О, эта приверженность к поиску правды! Костомаров никак не желал понять, что правда историческая и правда политическая — две разные правды. Он слущивал шелуху наслоений с картин прошлого, но властям нужен был неочищенный от шелухи портрет народных героев! Впрочем, Сусаниным историк не ограничился. В тех же «Отечественных записках» он опубликовал статью «Великорусские вольнодумцы XVI века». Это было, по его объяснению, историческое исследование о признаках религиозного волнения умов в Московской Руси в царствование Ивана Грозного, выразившегося мнениями Матвея Башкина, игумена Артемия, дьяка Висковатого и Феодосии Косого. Из них, по его мнению, только за Косым можно было признать действительные еретические мнения; другие лица осуждены были в ереси отчасти по недоразумению, отчасти по невежеству судей. Тут нападок было меньше, но истыми патриотами исследование считалось вредным. В конце концов, не выдержав журнальных нападок, ученый разразился серией статей. «Так, по поводу поднятых против меня в Москве возражений на мои исторические взгляды я написал статью „Правда москвичам о Руси", по поводу новых польских выходок там же напечатал „Правду полякам о Руси". Вслед за появлением этой статьи я стал получать из разных мест анонимные письма от поляков с угрозами смерти; одно из этих писем заключалось словом „готовьтесь! По поводу вопроса об отношениях иудеев к русскому, и преимущественно малорусскому племени в „Основе" же я напечатал статью „Иудеям". Последняя статья задела за живое некоторых лиц иудейского племени, и я получил из плева от одного из них укорительное, хотя и дружелюбное письмо, в котором автор письма доказывал, что иудеи — сущие благодетели малорусов, и огорчался тем, что я дозволил себе употреблять название „жиды". Я отвечал этому господину, что сомневаюсь насчет благодетельности иудеев, а что касается до слова „жиды", то обещаю вперед не употреблять этого слова, а писать „иудеи". Этот корреспондент милостиво согласился, что „иудеи" звучит лучше, но пошли потоком письма от других „иудеев", которые были не согласны».
В статьях на современную ему тему Костомаров умудрялся наговорить такого, что только больше разжигало эмоции. К счастью, на этих трех статьях, где всем и обо всем он открыл правду, историк остановился и снова обратился к интересующей его старине.

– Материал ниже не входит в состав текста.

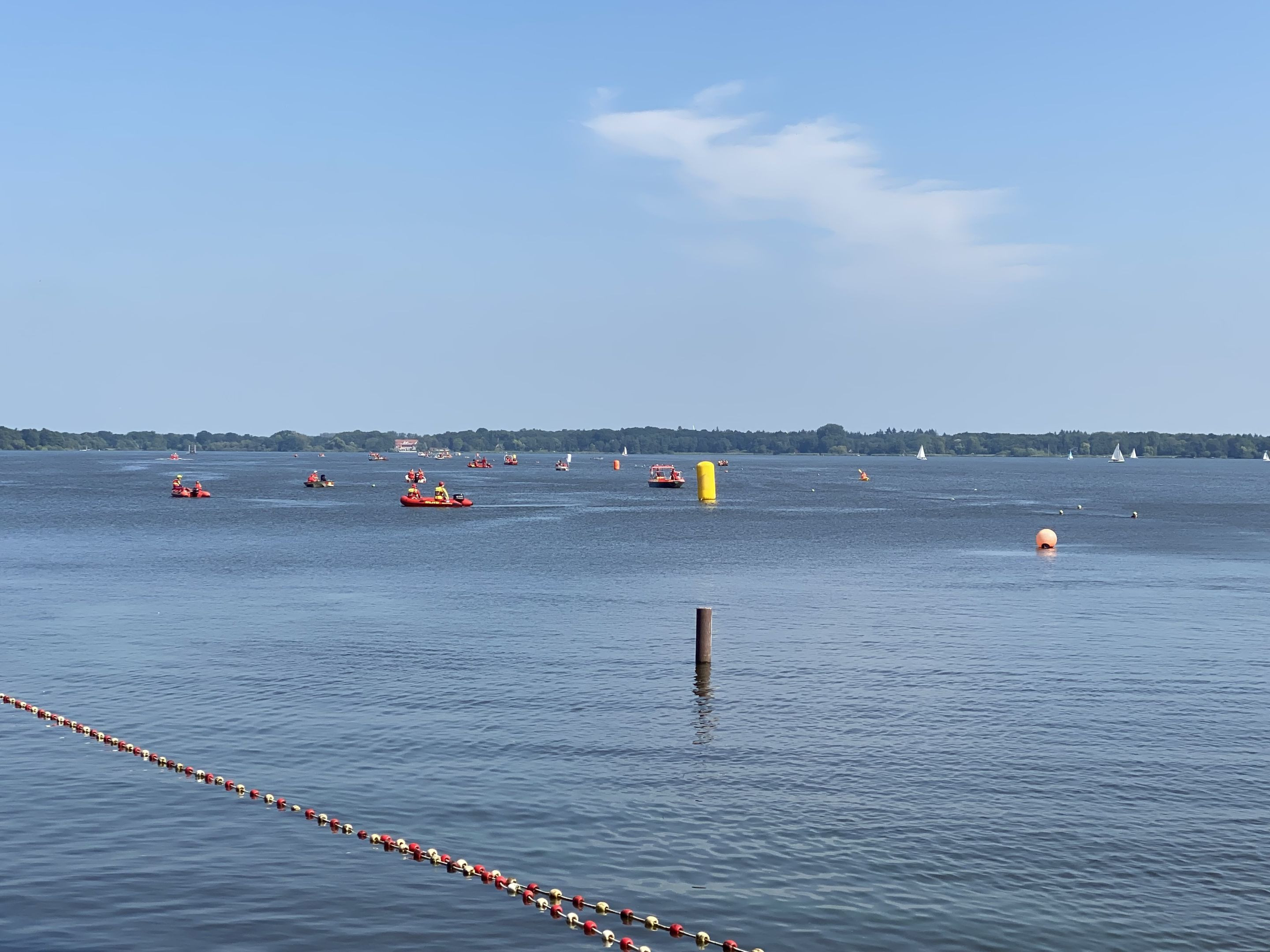Absicherung auf dem Wasser mit Motorrettungsbooten und Kajaks,
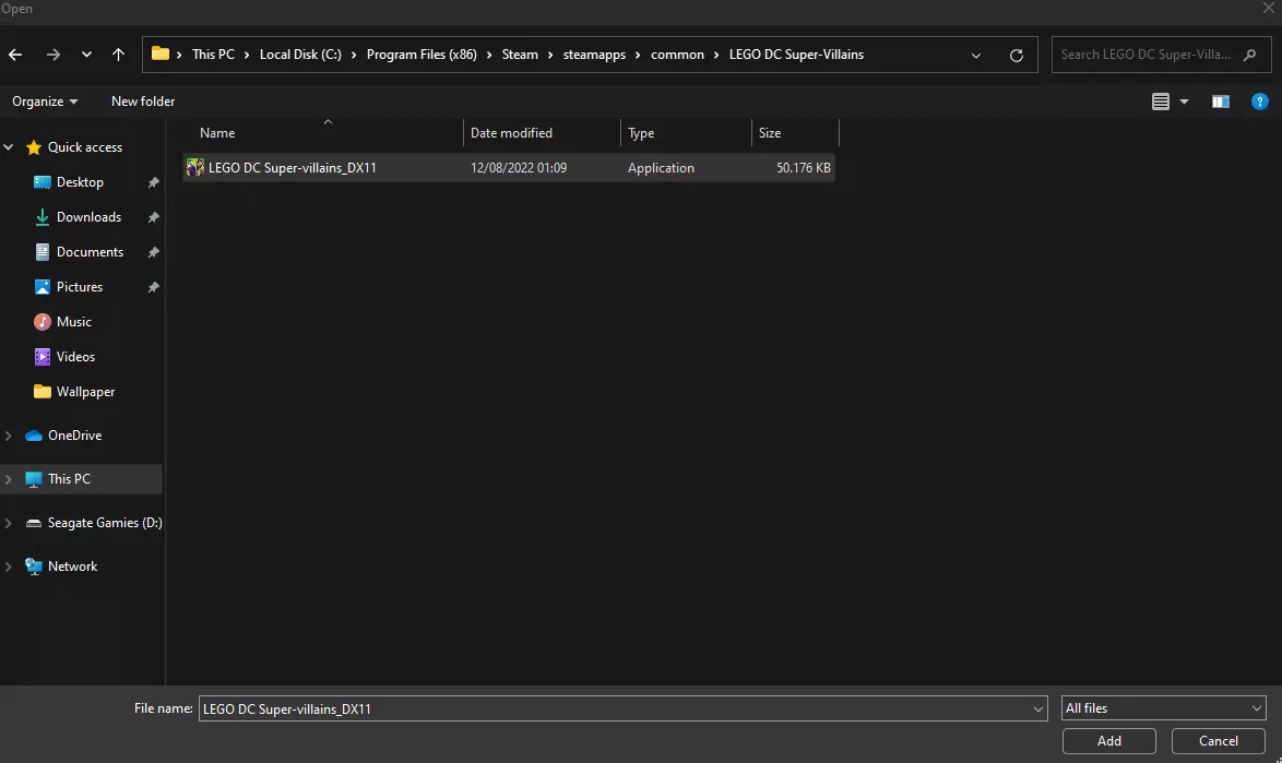 随后将打开文件资源管理器以引导你找到该应用程序。默认情况下,你的游戏应位于:C: Program Files (x86) Steam steamapps common。在该文件夹中,你会看到所有的Steam游戏,选择名为【LEGO DC Super-Villains】的文件夹。在该文件夹内,你应该只能选择一个可执行文件。只需选中它并点击“添加”即可。

«Печатая мою историю Новгорода и Пскова, — писал он, — я в ту же осень принялся заниматься историею Смутного времени Московского государства в начале XVII века, и, каждый день посещая Публичную библиотеку, изучал источники эпохи, которую предполагал обработать. Во всей древней севернорусской истории не было такого другого периода, в котором бы народ был до такой степени предоставлен самому себе и собственными силами должен был отстаивать свое политическое, общественное и религиозное существование от внешних нападений и внутренних неурядиц и где он невольно должен был показать весь запас собственных духовных сил, необходимых для своего спасения. Эпоха эта, страшная и кровавая, заключала в себе утешительного то, что народ, перенесший ее, вышел из нее с торжеством, отстоявши, по крайней мере, свою независимость и свой общественный строй с теми началами, с какими установился прежде…Приступая к Смутному времени, я был верен себе и своей задаче работать над историею народа. Я работал над эпохою Хмельницкого и Выговского, где главным образом выказывалась деятельность народной массы; меня увлекала история Новгорода и Пскова, где также на первом плане была народная масса; меня заняла сильно эпоха дикой самодеятельности народа, проявившейся в бурное восстание Стеньки Разина. Точно по тем же побуждениям изучать и выражать в истории народную жизнь принялся я и за Смутное время Московского государства в начале XVII века.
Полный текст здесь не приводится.